**AIM OF THE EXERCISE**: Look through the entries below and copy exactly the part that begins with the line containing "横断歩道は左右確認してから渡ります！" and ends with the line containing "Waschbecken und Duschkabine". Do not copy the pictures.

*** Opening INFORMATION ***

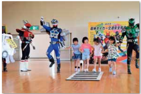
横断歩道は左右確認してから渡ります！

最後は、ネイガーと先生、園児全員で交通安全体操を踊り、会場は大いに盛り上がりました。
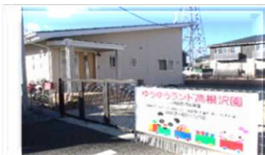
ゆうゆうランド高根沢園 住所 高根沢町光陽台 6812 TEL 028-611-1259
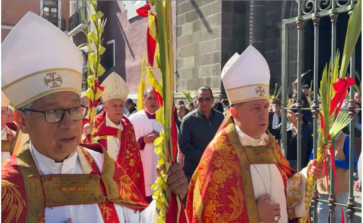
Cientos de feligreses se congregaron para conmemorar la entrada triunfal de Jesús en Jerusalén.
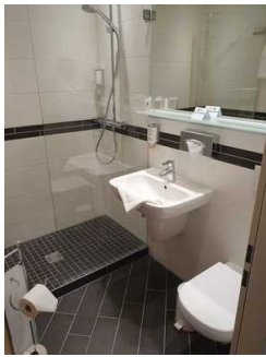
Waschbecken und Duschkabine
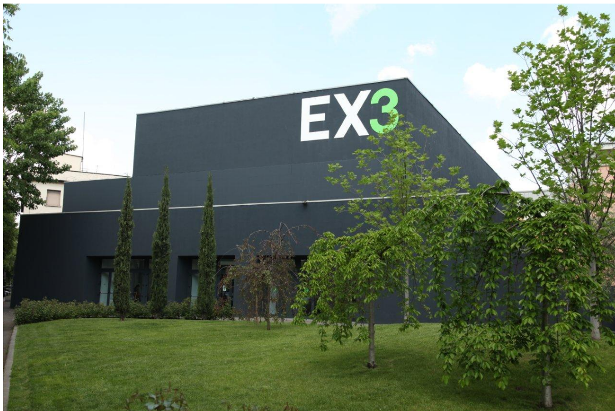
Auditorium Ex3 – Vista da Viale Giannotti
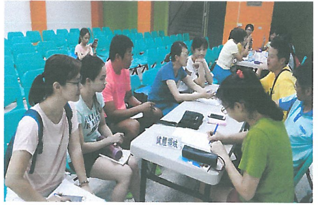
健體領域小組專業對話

*** Closing INFORMATION ***
*** Opening INFORMATION ***

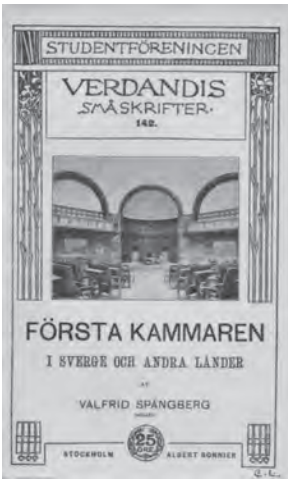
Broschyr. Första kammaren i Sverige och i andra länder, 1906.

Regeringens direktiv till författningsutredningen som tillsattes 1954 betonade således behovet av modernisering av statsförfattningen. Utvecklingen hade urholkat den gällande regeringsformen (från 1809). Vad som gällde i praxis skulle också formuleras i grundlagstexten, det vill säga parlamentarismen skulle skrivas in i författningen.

*** Closing INFORMATION ***

**YOUR RESPONSE**:
横断歩道は左右確認してから渡ります！

最後は、ネイガーと先生、園児全員で交通安全体操を踊り、会場は大いに盛り上がりました。
ゆうゆうランド高根沢園 住所 高根沢町光陽台 6812 TEL 028-611-1259
Cientos de feligreses se congregaron para conmemorar la entrada triunfal de Jesús en Jerusalén.
Waschbecken und Duschkabine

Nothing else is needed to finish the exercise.